The listing below holds a line with "首先,学院分会主席高振江作了" and a later line with "サイドリボンがアクセントになった、ラフなムード漂うカーゴ風ワイドパンツ。". Write out those two lines and every line between them, exactly, and nothing else.

- _Input records_
.....
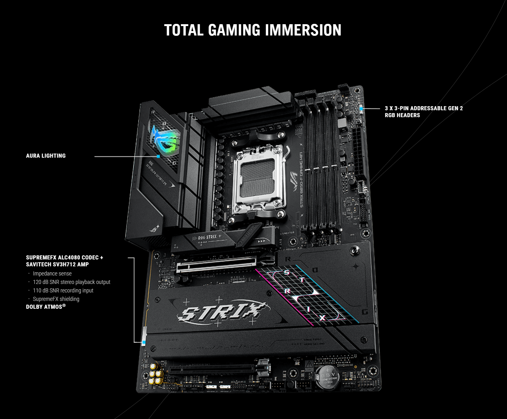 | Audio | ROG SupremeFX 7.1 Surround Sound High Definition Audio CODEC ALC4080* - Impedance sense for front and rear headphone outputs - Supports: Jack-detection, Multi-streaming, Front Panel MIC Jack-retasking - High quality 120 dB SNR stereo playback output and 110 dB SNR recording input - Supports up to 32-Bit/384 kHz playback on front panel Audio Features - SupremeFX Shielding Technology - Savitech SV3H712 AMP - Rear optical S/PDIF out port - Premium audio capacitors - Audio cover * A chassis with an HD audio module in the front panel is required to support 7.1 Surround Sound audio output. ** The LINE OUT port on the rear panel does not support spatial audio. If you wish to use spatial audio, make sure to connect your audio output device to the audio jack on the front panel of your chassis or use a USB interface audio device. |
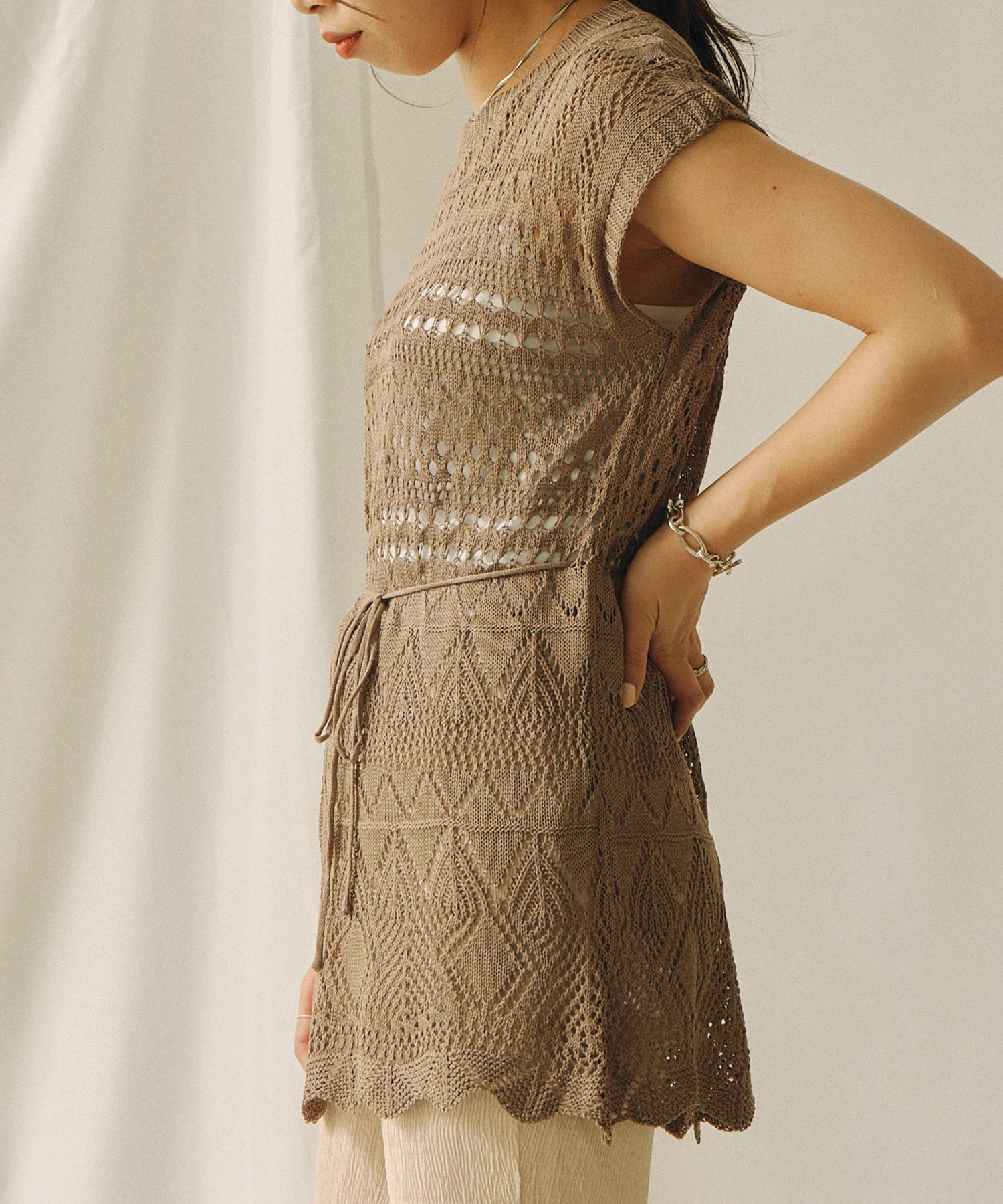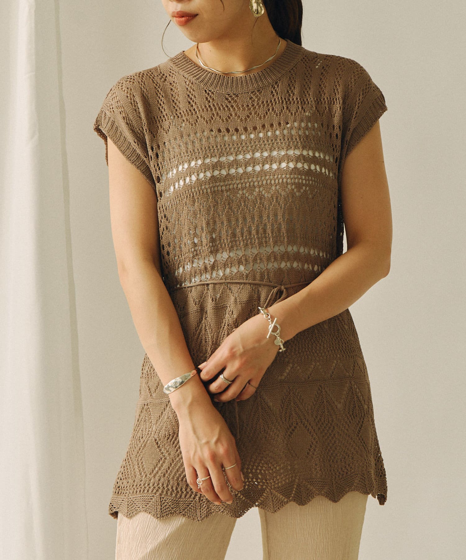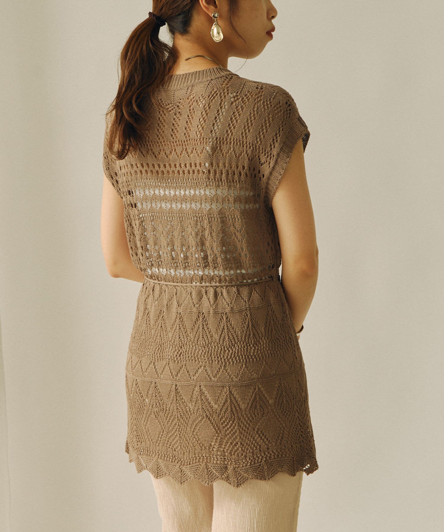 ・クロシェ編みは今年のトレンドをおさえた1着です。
.....
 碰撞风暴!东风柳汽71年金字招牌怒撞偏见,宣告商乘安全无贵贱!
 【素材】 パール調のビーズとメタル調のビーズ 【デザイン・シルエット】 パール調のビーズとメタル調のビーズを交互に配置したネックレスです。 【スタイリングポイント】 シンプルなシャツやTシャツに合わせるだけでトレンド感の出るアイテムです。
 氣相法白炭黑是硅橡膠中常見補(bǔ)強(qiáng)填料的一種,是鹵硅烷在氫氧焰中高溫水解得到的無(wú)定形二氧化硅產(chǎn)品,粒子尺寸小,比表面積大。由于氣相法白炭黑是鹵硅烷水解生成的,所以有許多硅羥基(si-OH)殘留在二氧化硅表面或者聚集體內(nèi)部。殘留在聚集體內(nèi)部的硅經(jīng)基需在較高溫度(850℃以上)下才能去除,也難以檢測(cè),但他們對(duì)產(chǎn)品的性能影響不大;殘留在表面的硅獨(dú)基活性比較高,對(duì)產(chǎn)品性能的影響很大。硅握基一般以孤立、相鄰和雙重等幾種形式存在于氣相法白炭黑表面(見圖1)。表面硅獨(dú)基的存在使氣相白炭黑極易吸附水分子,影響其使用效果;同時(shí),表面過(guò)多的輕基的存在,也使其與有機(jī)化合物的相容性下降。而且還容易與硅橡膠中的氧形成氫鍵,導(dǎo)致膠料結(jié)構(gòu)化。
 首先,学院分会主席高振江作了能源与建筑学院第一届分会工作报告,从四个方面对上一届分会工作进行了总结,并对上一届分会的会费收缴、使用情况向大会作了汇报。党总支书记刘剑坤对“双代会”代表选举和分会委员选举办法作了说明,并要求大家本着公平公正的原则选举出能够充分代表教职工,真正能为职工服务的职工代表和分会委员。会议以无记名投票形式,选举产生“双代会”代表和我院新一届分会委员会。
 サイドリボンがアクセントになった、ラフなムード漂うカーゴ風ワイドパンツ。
.....
- _Exercise answer_
 首先,学院分会主席高振江作了能源与建筑学院第一届分会工作报告,从四个方面对上一届分会工作进行了总结,并对上一届分会的会费收缴、使用情况向大会作了汇报。党总支书记刘剑坤对“双代会”代表选举和分会委员选举办法作了说明,并要求大家本着公平公正的原则选举出能够充分代表教职工,真正能为职工服务的职工代表和分会委员。会议以无记名投票形式,选举产生“双代会”代表和我院新一届分会委员会。
 サイドリボンがアクセントになった、ラフなムード漂うカーゴ風ワイドパンツ。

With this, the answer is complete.